Poussés à bout, de plus en plus de salariés préfèrent partir d’eux-mêmes.
Comment se défendre même si on démissionne et qu’est-ce que cette décision implique ?
Nos experts vous guident dans cette douloureuse situation.
La déprime est parfois mauvaise conseillère.
Vous vous sentez à bout et harcelé ?
Peut-être faut-il d’abord s’assurer de quoi on parle.
« Attention, il n’y a harcèlement que s’il y a faits répétés, insiste Didier Schneider, auteur du
livre Salariés, comment déjouer les pièges du licenciement.
Un mot de travers, sous le coup de l’énervement, de la fatigue ou de toute autre raison n’est
pas en soi du harcèlement. »
Christian Gury, auteur du livre Les 5 clés pour rebondir et piloter sa carrière recommande un
état des lieux préalable avant d’agir.
« Si vous êtes constamment dénigré par votre manager par exemple, il faut d’abord vérifier,
auprès de vos collègues, que ce n’est pas qu’une impression. »

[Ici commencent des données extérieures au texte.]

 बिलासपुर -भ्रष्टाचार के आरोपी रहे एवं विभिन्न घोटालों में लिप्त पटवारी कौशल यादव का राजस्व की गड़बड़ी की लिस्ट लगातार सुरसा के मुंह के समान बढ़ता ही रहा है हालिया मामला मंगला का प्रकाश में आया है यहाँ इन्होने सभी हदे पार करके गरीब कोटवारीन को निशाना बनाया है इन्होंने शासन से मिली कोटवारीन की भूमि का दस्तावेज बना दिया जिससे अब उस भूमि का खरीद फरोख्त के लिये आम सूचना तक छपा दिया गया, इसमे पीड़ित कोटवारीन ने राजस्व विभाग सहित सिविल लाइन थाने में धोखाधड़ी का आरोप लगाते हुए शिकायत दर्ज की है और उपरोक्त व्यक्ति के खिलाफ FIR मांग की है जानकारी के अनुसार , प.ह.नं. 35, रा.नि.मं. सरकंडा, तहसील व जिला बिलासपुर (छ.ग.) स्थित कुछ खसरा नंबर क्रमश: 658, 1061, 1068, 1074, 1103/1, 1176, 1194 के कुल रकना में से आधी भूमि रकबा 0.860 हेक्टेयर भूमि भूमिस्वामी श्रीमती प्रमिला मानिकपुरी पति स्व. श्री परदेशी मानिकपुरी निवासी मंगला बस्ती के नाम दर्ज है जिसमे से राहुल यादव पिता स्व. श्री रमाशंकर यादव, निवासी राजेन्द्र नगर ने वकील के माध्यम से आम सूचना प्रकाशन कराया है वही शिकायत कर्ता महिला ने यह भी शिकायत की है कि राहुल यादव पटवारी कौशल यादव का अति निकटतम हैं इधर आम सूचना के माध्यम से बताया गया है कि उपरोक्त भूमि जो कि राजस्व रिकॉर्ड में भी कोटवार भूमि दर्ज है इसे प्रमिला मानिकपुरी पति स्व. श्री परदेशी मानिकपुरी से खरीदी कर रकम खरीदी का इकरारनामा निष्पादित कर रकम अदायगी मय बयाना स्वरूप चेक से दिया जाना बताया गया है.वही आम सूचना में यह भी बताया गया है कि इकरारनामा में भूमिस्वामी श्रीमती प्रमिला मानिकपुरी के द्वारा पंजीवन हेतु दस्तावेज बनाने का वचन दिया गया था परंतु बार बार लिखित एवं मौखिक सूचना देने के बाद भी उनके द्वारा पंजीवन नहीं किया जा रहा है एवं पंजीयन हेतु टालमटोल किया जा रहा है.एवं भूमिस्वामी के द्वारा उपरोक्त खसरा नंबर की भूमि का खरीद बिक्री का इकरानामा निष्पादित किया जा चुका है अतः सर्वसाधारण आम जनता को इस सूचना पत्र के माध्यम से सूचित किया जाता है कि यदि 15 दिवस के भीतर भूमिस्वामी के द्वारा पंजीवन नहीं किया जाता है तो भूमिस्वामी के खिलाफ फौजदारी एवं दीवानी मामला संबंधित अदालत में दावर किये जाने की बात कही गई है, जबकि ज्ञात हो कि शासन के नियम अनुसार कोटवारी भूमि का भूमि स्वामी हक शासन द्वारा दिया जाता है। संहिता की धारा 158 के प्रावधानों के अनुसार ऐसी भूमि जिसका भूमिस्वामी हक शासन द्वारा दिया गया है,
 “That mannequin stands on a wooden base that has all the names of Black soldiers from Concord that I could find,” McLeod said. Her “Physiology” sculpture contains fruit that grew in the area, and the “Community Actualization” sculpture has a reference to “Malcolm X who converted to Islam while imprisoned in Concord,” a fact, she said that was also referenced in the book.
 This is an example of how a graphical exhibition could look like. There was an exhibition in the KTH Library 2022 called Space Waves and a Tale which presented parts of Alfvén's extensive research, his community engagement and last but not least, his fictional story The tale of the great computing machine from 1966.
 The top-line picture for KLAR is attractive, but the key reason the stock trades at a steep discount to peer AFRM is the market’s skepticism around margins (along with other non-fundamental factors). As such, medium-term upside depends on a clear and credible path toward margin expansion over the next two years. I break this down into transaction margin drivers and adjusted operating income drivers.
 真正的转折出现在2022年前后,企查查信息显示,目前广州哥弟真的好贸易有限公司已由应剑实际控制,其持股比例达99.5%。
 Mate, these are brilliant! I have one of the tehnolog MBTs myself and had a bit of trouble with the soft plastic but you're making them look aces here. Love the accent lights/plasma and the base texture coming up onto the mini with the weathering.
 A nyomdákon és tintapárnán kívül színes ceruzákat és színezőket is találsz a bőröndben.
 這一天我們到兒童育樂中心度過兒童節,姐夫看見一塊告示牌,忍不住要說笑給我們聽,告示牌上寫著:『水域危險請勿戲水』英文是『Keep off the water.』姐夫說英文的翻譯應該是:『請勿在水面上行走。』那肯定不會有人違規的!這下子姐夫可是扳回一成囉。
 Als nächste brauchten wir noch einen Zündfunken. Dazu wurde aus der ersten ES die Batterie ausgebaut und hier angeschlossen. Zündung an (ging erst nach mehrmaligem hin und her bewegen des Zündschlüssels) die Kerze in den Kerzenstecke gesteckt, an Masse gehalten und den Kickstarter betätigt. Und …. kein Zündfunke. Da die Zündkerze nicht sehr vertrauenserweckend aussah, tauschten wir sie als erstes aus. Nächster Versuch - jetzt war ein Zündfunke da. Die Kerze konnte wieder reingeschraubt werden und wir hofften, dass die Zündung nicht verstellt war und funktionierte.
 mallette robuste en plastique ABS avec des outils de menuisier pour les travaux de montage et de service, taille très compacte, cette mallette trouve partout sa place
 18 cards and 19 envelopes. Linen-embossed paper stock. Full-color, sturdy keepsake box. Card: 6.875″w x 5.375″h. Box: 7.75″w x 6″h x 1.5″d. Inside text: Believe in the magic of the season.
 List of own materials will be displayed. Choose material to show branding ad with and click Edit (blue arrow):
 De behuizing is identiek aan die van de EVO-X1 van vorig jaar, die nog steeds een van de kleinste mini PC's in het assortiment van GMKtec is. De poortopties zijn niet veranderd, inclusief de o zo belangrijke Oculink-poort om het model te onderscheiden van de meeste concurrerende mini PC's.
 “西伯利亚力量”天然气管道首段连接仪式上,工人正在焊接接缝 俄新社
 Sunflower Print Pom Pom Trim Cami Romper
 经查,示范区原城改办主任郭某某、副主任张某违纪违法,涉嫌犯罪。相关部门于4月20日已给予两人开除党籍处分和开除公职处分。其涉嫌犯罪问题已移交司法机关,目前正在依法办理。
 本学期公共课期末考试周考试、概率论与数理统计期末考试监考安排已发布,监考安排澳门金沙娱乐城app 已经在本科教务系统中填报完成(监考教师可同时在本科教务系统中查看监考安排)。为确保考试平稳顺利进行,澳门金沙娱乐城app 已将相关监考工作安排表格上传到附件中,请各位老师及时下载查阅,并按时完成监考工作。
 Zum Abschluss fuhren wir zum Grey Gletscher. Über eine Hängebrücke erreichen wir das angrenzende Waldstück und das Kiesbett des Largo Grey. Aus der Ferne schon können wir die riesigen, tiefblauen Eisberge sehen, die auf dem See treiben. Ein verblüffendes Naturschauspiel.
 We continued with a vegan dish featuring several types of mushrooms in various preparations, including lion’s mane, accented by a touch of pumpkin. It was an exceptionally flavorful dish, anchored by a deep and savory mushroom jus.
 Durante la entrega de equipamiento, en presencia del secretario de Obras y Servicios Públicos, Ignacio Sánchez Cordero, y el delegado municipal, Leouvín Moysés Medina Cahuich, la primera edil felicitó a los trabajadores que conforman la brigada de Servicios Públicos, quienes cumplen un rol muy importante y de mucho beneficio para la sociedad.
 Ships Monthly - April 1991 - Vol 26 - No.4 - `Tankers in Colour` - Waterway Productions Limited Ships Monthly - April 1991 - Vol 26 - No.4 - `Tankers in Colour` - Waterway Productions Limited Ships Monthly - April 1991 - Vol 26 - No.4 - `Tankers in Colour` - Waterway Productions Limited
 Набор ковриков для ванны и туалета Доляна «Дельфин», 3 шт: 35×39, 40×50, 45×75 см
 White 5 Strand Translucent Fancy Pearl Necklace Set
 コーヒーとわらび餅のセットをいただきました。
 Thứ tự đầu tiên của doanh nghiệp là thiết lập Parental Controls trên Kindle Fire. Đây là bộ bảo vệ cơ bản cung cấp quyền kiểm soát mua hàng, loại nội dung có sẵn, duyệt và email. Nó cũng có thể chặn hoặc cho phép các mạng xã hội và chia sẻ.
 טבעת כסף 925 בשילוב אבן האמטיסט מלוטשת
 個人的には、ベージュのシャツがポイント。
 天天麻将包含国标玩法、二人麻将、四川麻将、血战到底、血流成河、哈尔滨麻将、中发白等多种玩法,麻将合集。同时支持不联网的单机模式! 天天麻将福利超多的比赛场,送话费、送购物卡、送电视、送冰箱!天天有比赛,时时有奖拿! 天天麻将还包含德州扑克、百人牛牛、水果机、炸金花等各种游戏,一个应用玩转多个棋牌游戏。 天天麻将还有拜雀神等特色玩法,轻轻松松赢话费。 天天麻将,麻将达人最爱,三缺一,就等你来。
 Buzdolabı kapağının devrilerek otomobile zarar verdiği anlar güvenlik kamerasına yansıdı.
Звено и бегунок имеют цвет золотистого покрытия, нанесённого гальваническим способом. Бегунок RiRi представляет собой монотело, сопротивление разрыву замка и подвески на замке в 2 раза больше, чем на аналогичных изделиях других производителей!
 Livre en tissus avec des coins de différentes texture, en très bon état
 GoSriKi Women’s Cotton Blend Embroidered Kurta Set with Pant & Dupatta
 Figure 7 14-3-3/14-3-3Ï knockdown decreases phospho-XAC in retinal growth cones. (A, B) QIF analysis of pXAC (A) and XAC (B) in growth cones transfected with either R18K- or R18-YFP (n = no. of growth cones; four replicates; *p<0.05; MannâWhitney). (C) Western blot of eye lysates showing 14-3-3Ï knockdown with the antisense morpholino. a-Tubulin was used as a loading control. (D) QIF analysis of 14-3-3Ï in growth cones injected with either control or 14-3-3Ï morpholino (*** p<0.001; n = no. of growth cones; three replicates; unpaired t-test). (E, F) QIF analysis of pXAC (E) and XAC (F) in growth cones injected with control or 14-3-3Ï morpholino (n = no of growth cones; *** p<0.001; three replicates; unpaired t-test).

Et sinon, mieux vaut prendre quelques mesures et vite…
"C’est bien de se battre, mais on peut aussi choisir de tourner la page et saisir une
opportunité ailleurs."
Se protéger… tout de suite
Avant toute décision hâtive, Didier Schneider conseille d’aller parler au principal intéressé.
« Face à un harceleur malgré lui, le simple fait de lui en parler, idéalement avec la présence
d’un délégué du personnel ou à défaut autre témoin, peut s’avérer suffisant pour calmer le
jeu. »
Mais cet ancien représentant du personnel sait que c’est rarement aussi facile.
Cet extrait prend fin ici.